■ WHAT IS REQUIRED ■
In the entries below, find every line with the string "garment" and copy it.

[Stored data]
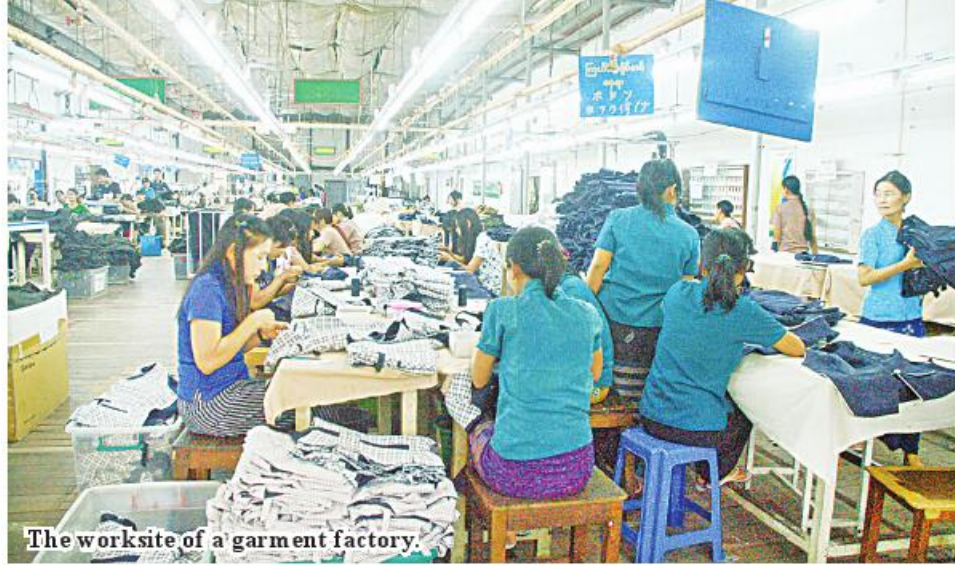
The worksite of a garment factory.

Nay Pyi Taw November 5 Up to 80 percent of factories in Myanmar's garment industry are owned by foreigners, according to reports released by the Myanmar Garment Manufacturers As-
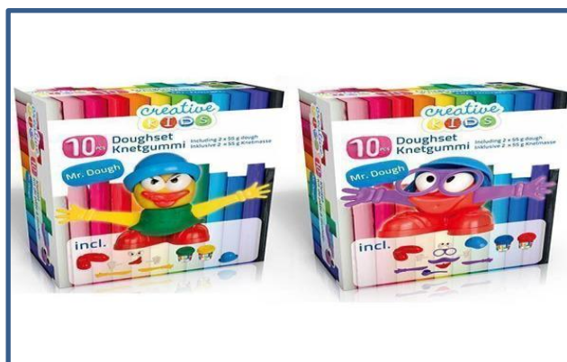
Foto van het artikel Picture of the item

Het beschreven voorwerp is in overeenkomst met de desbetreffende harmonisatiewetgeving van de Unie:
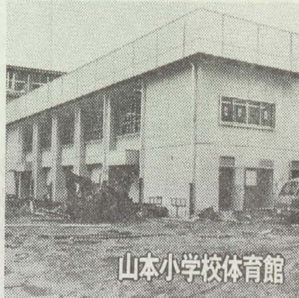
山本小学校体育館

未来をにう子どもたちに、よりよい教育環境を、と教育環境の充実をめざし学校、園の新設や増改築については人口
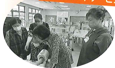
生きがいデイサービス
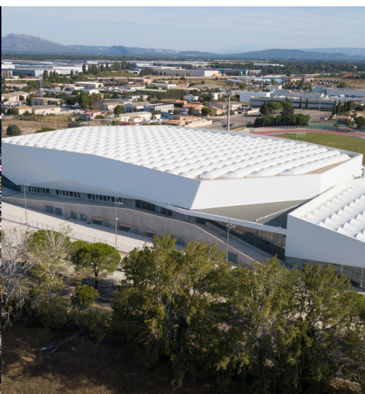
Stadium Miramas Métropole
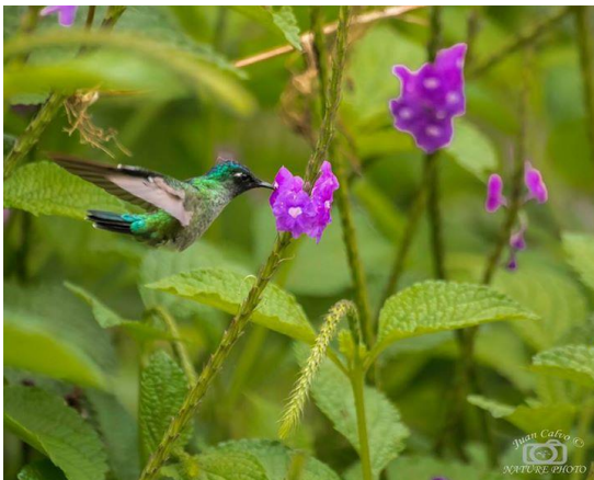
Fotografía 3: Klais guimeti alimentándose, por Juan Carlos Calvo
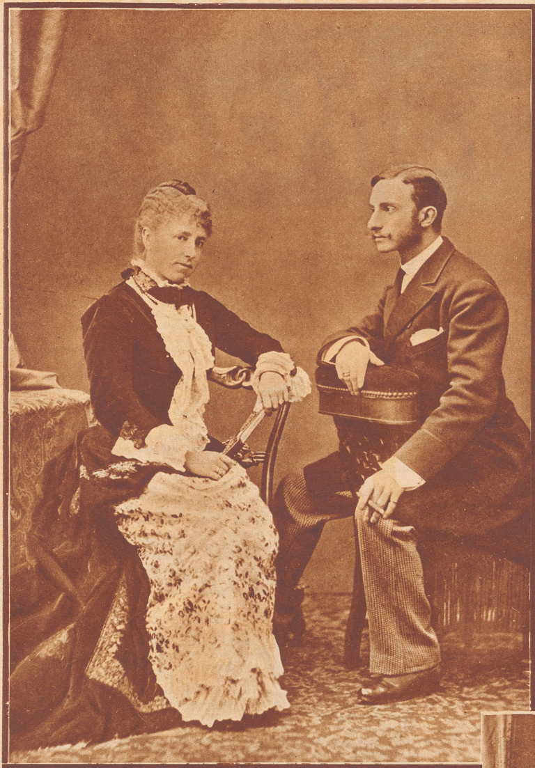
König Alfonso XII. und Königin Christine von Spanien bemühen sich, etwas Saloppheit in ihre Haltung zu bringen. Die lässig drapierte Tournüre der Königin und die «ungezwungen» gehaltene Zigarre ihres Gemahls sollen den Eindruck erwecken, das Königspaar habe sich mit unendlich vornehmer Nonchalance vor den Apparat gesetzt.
* * *
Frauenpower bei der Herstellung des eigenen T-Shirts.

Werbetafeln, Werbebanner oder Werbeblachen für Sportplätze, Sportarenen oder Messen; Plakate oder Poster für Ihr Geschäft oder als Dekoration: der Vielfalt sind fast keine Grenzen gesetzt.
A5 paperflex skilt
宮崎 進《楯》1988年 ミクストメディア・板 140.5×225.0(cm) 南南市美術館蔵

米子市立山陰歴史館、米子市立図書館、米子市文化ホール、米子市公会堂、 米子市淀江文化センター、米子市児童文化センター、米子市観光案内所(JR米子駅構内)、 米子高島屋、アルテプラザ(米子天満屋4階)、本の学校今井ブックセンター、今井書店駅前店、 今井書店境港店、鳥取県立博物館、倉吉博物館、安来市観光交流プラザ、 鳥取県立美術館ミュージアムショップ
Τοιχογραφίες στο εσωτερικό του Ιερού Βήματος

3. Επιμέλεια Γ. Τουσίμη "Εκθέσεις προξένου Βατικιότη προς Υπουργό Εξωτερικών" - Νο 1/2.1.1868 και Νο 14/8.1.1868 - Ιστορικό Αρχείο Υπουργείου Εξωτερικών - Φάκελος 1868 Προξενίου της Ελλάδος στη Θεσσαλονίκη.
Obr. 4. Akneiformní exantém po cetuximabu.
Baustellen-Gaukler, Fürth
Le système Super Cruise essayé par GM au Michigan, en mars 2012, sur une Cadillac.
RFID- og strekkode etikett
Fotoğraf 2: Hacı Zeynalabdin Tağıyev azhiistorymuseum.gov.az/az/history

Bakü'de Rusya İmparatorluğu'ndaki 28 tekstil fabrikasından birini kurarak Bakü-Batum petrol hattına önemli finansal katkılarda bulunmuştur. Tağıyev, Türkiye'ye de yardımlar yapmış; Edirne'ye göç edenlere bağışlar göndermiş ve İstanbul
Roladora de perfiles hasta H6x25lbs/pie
==
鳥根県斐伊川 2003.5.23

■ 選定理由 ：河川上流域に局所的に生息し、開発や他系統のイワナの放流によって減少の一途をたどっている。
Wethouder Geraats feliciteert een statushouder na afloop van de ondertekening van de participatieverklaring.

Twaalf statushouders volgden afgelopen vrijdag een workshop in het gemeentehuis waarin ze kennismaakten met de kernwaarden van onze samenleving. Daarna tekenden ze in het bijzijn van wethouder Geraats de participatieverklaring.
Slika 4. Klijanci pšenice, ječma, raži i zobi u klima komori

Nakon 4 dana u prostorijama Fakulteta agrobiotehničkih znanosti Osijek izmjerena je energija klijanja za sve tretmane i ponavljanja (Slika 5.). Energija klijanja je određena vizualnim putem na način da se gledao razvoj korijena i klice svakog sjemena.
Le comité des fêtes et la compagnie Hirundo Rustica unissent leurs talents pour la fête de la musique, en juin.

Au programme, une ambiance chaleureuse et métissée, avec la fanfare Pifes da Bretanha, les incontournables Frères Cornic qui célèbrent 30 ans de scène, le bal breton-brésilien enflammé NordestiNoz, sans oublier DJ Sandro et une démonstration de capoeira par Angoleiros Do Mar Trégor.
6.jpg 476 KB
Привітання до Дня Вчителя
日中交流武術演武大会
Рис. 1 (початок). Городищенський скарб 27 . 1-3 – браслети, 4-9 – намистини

■ TASK SOLUTION ■
The worksite of a garment factory.
Nay Pyi Taw November 5 Up to 80 percent of factories in Myanmar's garment industry are owned by foreigners, according to reports released by the Myanmar Garment Manufacturers As-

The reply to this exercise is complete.